## Task details
Exact wording is required for every entry; transcribe all of them and leave the images out.

(Stored dataset items)
══════

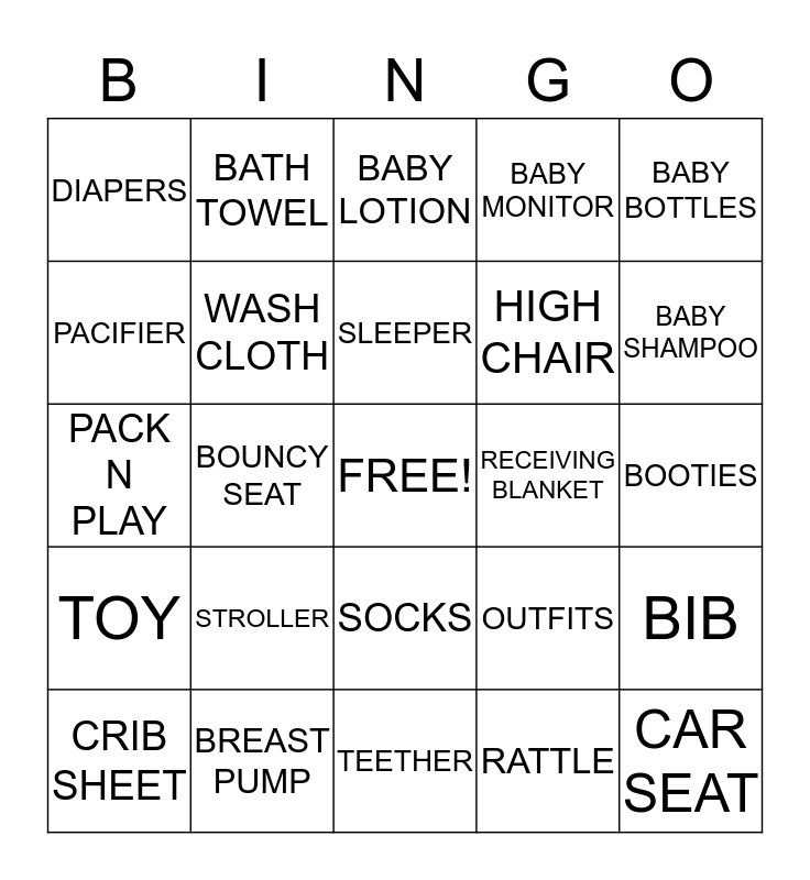 This bingo card has a free space and 24 words: STROLLER, BREAST PUMP, SLEEPER, CRIB SHEET, BABY BOTTLES, DIAPERS, PACIFIER, BATH TOWEL, RECEIVING BLANKET, SOCKS, HIGH CHAIR, PACK N PLAY, OUTFITS, BIB, WASH CLOTH, RATTLE, BOOTIES, BABY LOTION, BABY SHAMPOO, BOUNCY SEAT, CAR SEAT, TOY, BABY MONITOR and TEETHER.
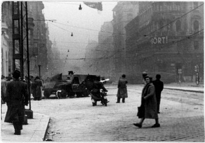 A kép felirata szerint "Szovjet tankok szétverik a tüntetőket" . Ha az emlékezés pontos, akkor a felvétel az MSZMP melletti tüntetés kapcsán kirobbant összetűzésekkor készült 1956. december 6. Nagy József felvétele Azonosító: 056036 |
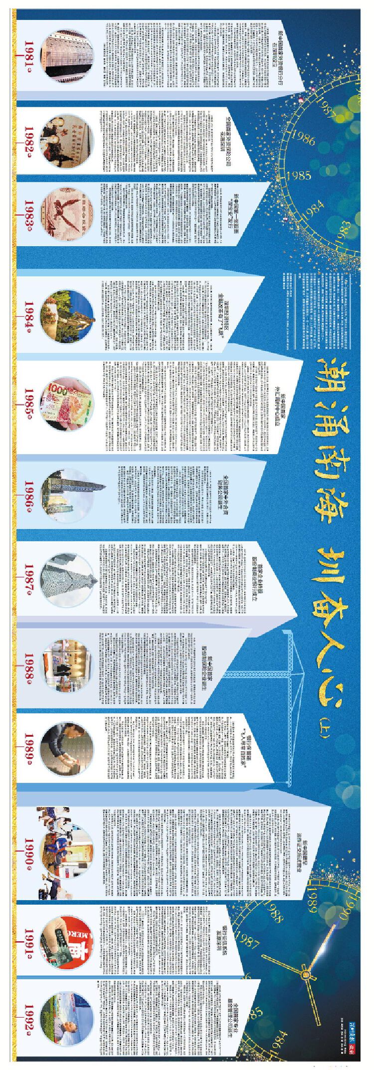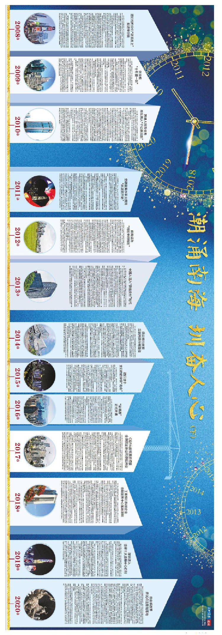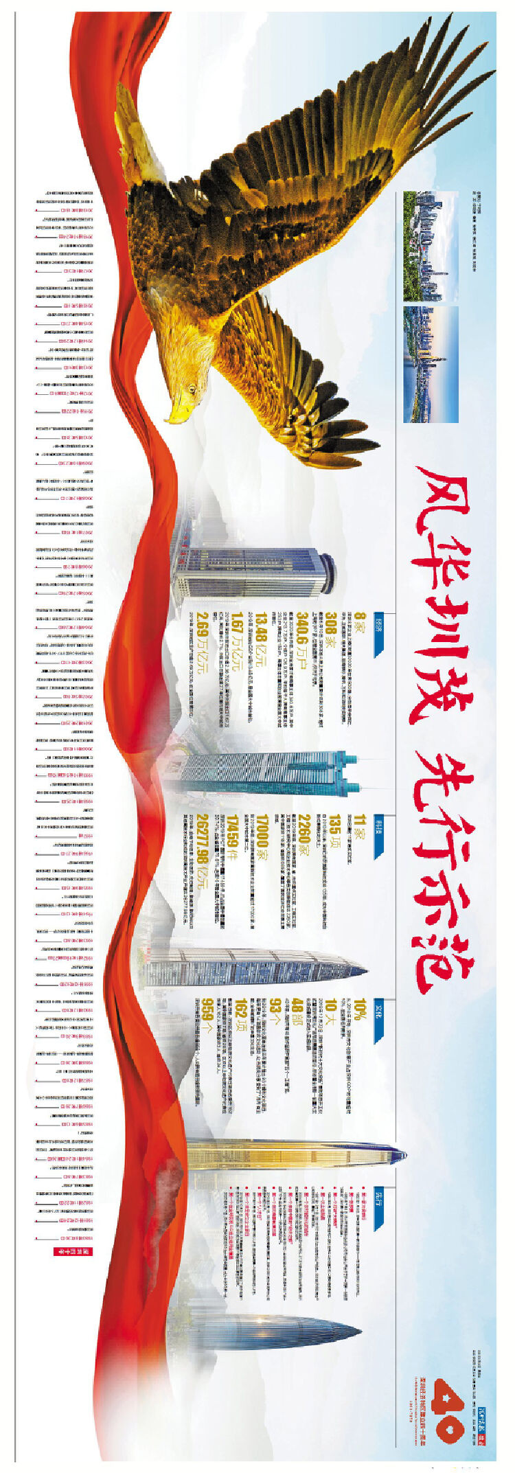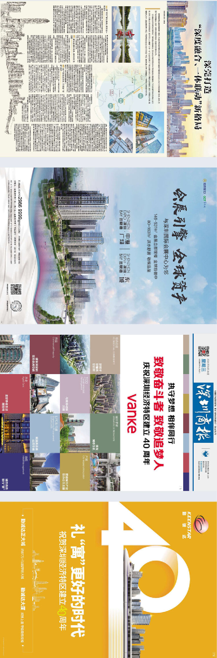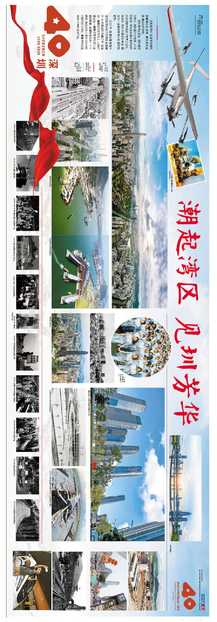 最吸引眼球的是,深圳商报的12个四联版长卷,分别以《风华圳茂 先行示范》《潮起湾区 见圳风华》《潮涌南海 圳奋人心》为主题,通过别具一格的四联通版版式、创意十足的版面设计,成为今天深圳纸媒的一大亮点,甚至在中国报业史上,都创造了一个空前的奇迹。
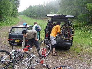 注)車でチャリンコを引っ張り上げるのは大変危険でしゃれにならないので絶対に真似しないで下さい。
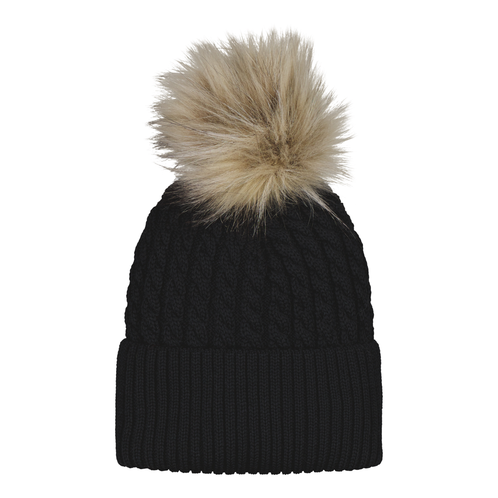 Kotimaisen merinovillapipon pintaa koristaa kaunispalmikkoneulos ja siinä on suuri tekoturkiksesta tehty tupsu. Tämä tupsupipo on valmistettu erittäin laadukkaasta mulesing-vapaasta merinovillasta.
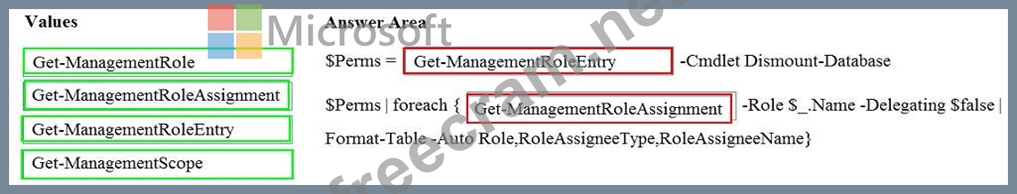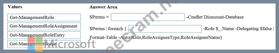 How should you complete the command? To answer, drag the appropriate values to the correct targets. Each value may he used once, more than once, or not at all. You may need to drag the split bar between panes or scroll to view content.

══════

## Your solution
 This bingo card has a free space and 24 words: STROLLER, BREAST PUMP, SLEEPER, CRIB SHEET, BABY BOTTLES, DIAPERS, PACIFIER, BATH TOWEL, RECEIVING BLANKET, SOCKS, HIGH CHAIR, PACK N PLAY, OUTFITS, BIB, WASH CLOTH, RATTLE, BOOTIES, BABY LOTION, BABY SHAMPOO, BOUNCY SEAT, CAR SEAT, TOY, BABY MONITOR and TEETHER.
 A kép felirata szerint "Szovjet tankok szétverik a tüntetőket" . Ha az emlékezés pontos, akkor a felvétel az MSZMP melletti tüntetés kapcsán kirobbant összetűzésekkor készült 1956. december 6. Nagy József felvétele Azonosító: 056036 |
 最吸引眼球的是,深圳商报的12个四联版长卷,分别以《风华圳茂 先行示范》《潮起湾区 见圳风华》《潮涌南海 圳奋人心》为主题,通过别具一格的四联通版版式、创意十足的版面设计,成为今天深圳纸媒的一大亮点,甚至在中国报业史上,都创造了一个空前的奇迹。
 注)車でチャリンコを引っ張り上げるのは大変危険でしゃれにならないので絶対に真似しないで下さい。
 Kotimaisen merinovillapipon pintaa koristaa kaunispalmikkoneulos ja siinä on suuri tekoturkiksesta tehty tupsu. Tämä tupsupipo on valmistettu erittäin laadukkaasta mulesing-vapaasta merinovillasta.
 How should you complete the command? To answer, drag the appropriate values to the correct targets. Each value may he used once, more than once, or not at all. You may need to drag the split bar between panes or scroll to view content.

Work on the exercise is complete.